The first order of business in Patagonia, finding some Penguins.  We boarded a boat which took us to Isla de Magdalena, an island populated by 120,000 Magellan Penguins.  Our speedboat sped through the Magellan Straight, before docking at the island brimming with Penguins, clearly I was beyond excited.  We spent an hour wandering around the wind swept island among the penguins, many of whom were nesting, anxiously awaiting for their eggs to hatch.  I contemplated staying on the island forever, perhaps I could become the Jane Goodall of Penguins, but there were other adventures in Patagonia to be had.




We departed the edge of the world in a tiny Chevy Optra Hatchback, with a manual transmission.  Our destination, Puerto Natales, which would be our base camp for exploring Torres del Paine over the next few days.  Side note, learning to drive a manual car in South America was hilariously fun.

Torres del Paine was breathtakingly beautiful.  I constantly found myself stopping and staring mouth agape.  One day we hiked the 13 mile trail to the basin at the base of the towers.  Another day we sailed up the Esperanza Ford in search of glaciers.  In the afternoon we dawned what can best be described as a bright orange all weather snuggie, before boarding a Zodiac to continue up the Serrano river and back into the park in pursuit of more glaciers and breathtaking views.

Torres del Paine was outstandingly beautiful and diverse.  The red sandstone towers jutted up inside a ring of granite mountains, green blue glacial alpine lakes were plentiful, and waves rolled through the inky blue waters of the larger lakes.  Guanacos, deer/alpaca like animals, roamed the grasslands, along with ostriches and dozens of foreign birds.  The whole scene was surreal the photos can not even possibly do it justice.

_MG_7195Base of the Towers


Torres del Paine

More photos from the Edge of the World

We spent our last night at the edge of the world eating Guanaco, they are pretty tasty, and having drinks at a sky bar overlooking the water facing south.  Cheers from the Edge of the World!  I was sad to be leaving, but once again we were off to explore warmer climates.


En route to Buenos Aires, we had another long layover in Santiago, so we headed back into the city, grabbed lunch and checked out the art museum before continuing on.

More photos from Santiago

Buenos Aires reminded me of a combination of New York City and Paris.  It’s a large city filled with a variety of neighborhoods.  We wandered through the Recoleta stopping at the Cemetery.  In the Palermo we did some shopping and hung out at cafes.  We strolled through the uber rich apartment complexes and to the water front in Puerto Madera, and rode bikes to La Boca and San Telmo.
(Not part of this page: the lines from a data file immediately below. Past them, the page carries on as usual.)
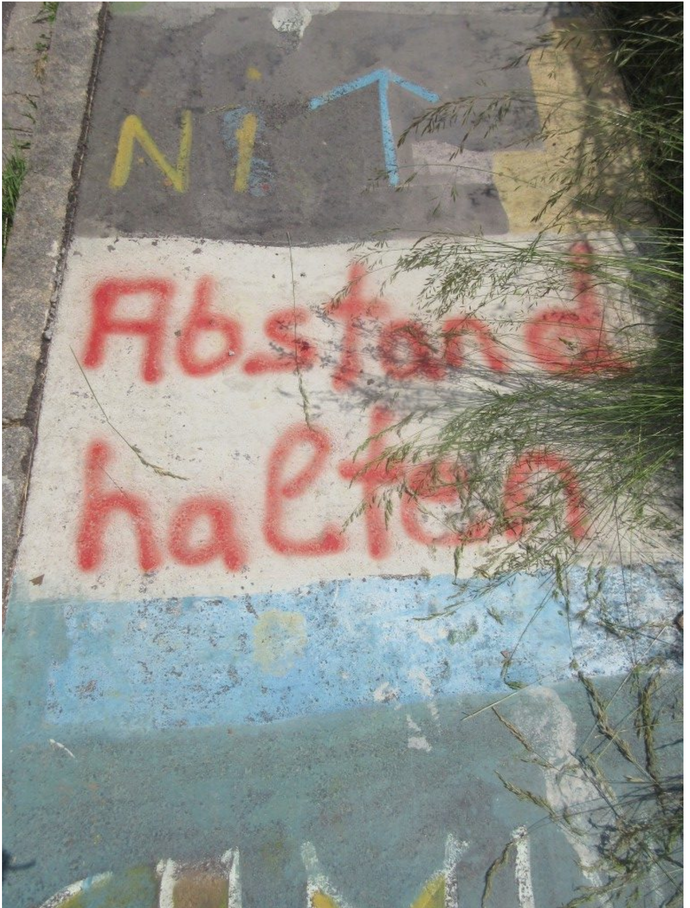
Straßenmalerei am Gehsteig: "Abstand halten" (s. Coronakrise)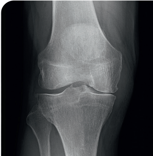
Hüftgelenksröntgen mit deutlichen Arthrosezeichen

Standardisierte Behandlungsabläufe - von der Diagnosestellung über die Vorbereitung auf die Operation, die Operation selbst bis hin zur Entlassung - ermöglichen einen möglichst kurz gehaltenen Krankenhausaufenthalt. Auf diese Weise können viele Risiken (wie z.B. Erkrankungen am Herz-Kreislaufsystem) minimiert werden und Sie finden schnellstmöglich zu ihrer ursprünglichen Aktivität zurück.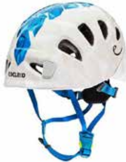
z.B EDELRID Helm Shield Lite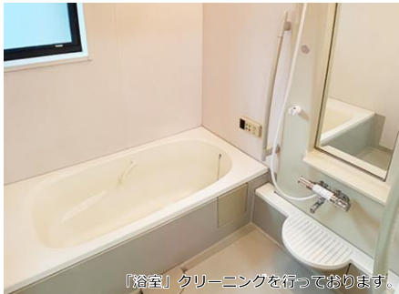
「浴室」クリーニングを行っております。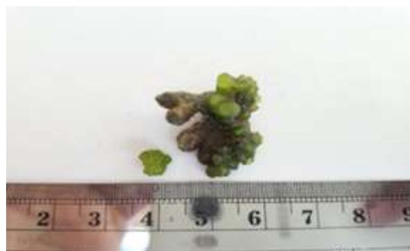
Gambar 11. Dictyosphaerica cavernosa (Forsskål) Børgesen, 1932

We snacked on empanadas and tortas during the day and ate Bife de Chorizo and drank Malbecs from Mendoza for dinner.  And of course we went and saw Tango.

Plaza de Mayo, Buenos Aires

Jacunda Trees, Buenos Aires Buenos Aires Cemetery

More photos from Buenos Aires

We arrived at Montevideo via ferry, it’s just across the Rio de La Plata from Buenos Aires.  The first evening was filled with new friends, beer in incredibly large bottles, and dancing till 5am.  During the days we wandered along Montevideo’s sun drenched streets and headed down to the coast to stroll along La Rambla.  We even managed to catch a soccer game where Club Nacional won 4 to 1!


More photos from Montevideo

Every great adventure must come to an end, and so did mine.  After nearly two weeks in South America I boarded a plane to head back to the United States for Thanksgiving feeling wonderfully exhausted.